If you’ve ever read this blog before, you know that I am a person who tends to…what’s the word?…intellectualize stuff.

In fact, I tend to intellectualize almost everything.

That “almost” in the preceding sentence exists mostly because of music.  For some reason, not planned or even considered at the time, when I picked books to read or courses to study or topics to write about, if I considered the arts, the arts I considered were painting and sculpture.

If that makes it look like I was avoiding music and dance, all I can say is that, with dance, I probably was.

Dance has always left me cold. 

Sometimes it does worse than that and outright annoys me. 

Classical ballet bores me, although I do recognize the fact that it’s often very pretty, and I sometimes (as with Swan Lake) like the music very much.

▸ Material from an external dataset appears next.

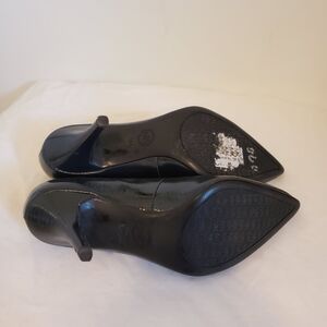 Good Condition. They had gel sticky pads inside and it left a little sticky residue on the gold inner part. That part is also starting to peel up on the left shoe.

Modern interpretive dance drives me to distraction, and the ultra-modern stuff meant to express political Important stuff often leaves me close to frothing at the mouth.

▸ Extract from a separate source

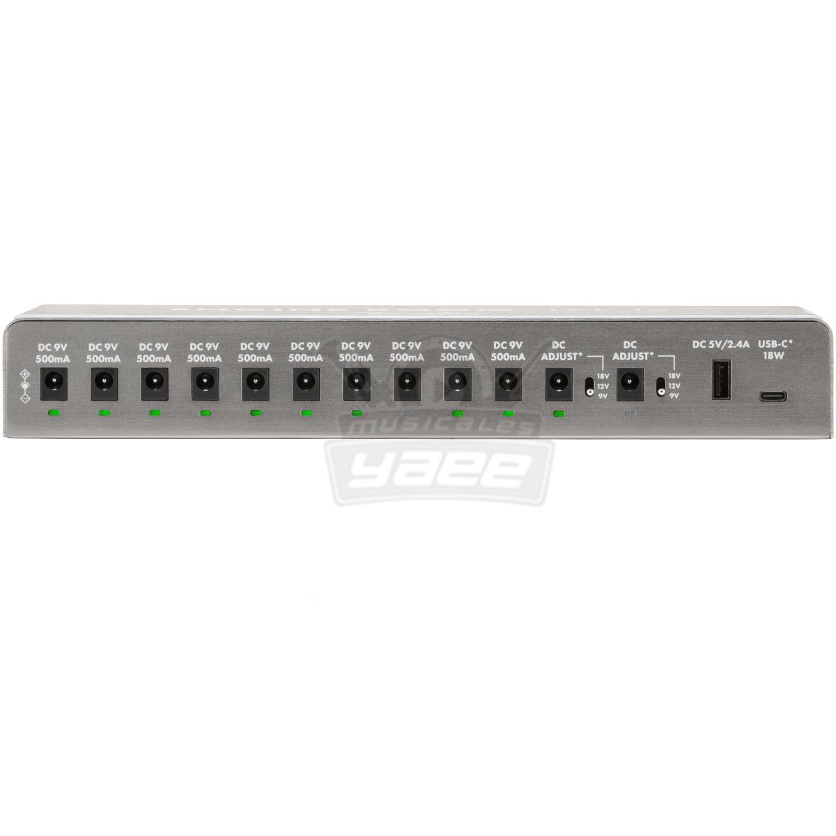 Diseñado para adaptarse a todas sus necesidades de pedalera, el Engine Room® LVL 12 está listo para entregar. Con doce tomacorrientes aislados de tierra, (10) son capaces de entregar 9Vdc a 500mA mientras que (2) tomacorrientes adicionales brindan voltaje conmutable (9v / 12v / 18v) a través de un interruptor deslizante o de palanca de 3 vías. Una salida IEC de cortesía en la parte posterior le permite agregar un Engine Room® LVL5, LVL8 o incluso LVL12 adicional para los equipos más grandes.

I agree with the premise, sort of.  Art often expresses and disseminates ideas on which people act.

I just don’t agree that the kind of art that’s going to do that looks anything like interpretive dance. 

I think you’re standard Guatamalan peasant or working class American ex-factory worker is more likely to be politically turned on by Bono or Green Day than by wispy figures in tights and flowing veils leaping around a stage until they crouch into little pretzel balls.

But music was something else.  I have music all around me all the time except when I’m sleeping or writing, and I like all kinds of it. 

What’s more, it’s something I actively sought out from a very early age, like books. 

Unlike books, it was, for a long time, remarkably difficult to find.

My mother sang for a year in the chorus of the Metropolitan Opera, but it wasn’t something you could figure out from the contents of our house.

In spite of the fact that the Fifties saw the first great wave of recorded music of all kinds, and in spite of the fact that we had a then state of the art “hi fi,” there were no LPs in our house, classical or otherwise. 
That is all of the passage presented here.